About this exercise:
Without any of the pictures, transcribe all the lines below exactly.

Data segment:
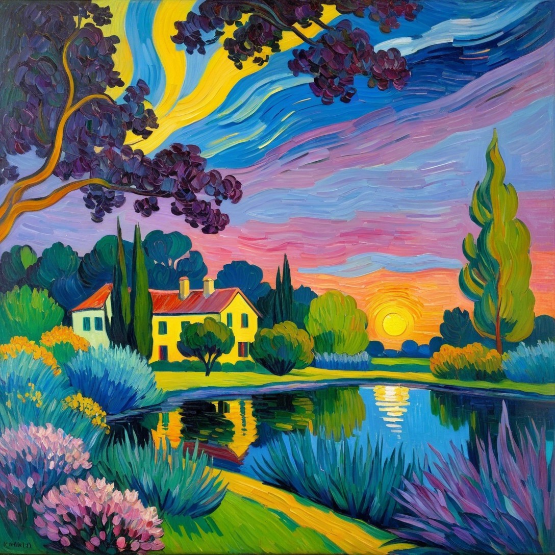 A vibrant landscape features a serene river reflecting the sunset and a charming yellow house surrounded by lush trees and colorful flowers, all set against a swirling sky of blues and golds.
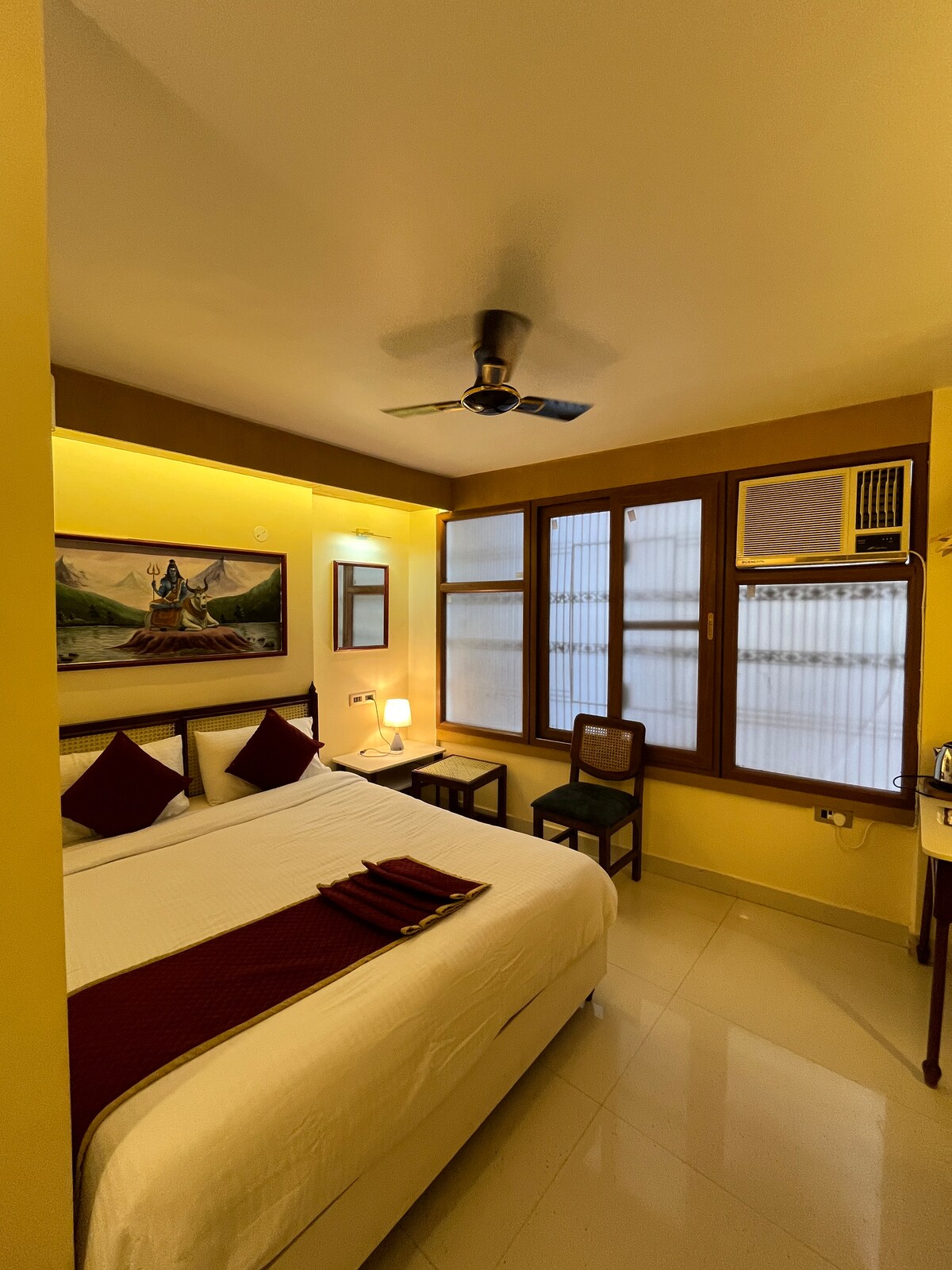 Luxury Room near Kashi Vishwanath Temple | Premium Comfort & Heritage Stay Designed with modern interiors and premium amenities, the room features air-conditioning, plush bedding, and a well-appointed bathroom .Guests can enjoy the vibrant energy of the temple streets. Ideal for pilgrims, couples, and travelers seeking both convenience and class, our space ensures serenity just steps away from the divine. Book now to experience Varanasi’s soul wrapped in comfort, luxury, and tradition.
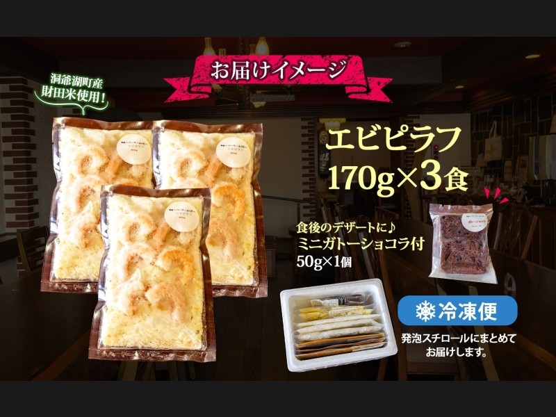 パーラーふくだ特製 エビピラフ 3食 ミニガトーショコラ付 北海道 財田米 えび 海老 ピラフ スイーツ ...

Task answer:
 A vibrant landscape features a serene river reflecting the sunset and a charming yellow house surrounded by lush trees and colorful flowers, all set against a swirling sky of blues and golds.
 Luxury Room near Kashi Vishwanath Temple | Premium Comfort & Heritage Stay Designed with modern interiors and premium amenities, the room features air-conditioning, plush bedding, and a well-appointed bathroom .Guests can enjoy the vibrant energy of the temple streets. Ideal for pilgrims, couples, and travelers seeking both convenience and class, our space ensures serenity just steps away from the divine. Book now to experience Varanasi’s soul wrapped in comfort, luxury, and tradition.
 パーラーふくだ特製 エビピラフ 3食 ミニガトーショコラ付 北海道 財田米 えび 海老 ピラフ スイーツ ...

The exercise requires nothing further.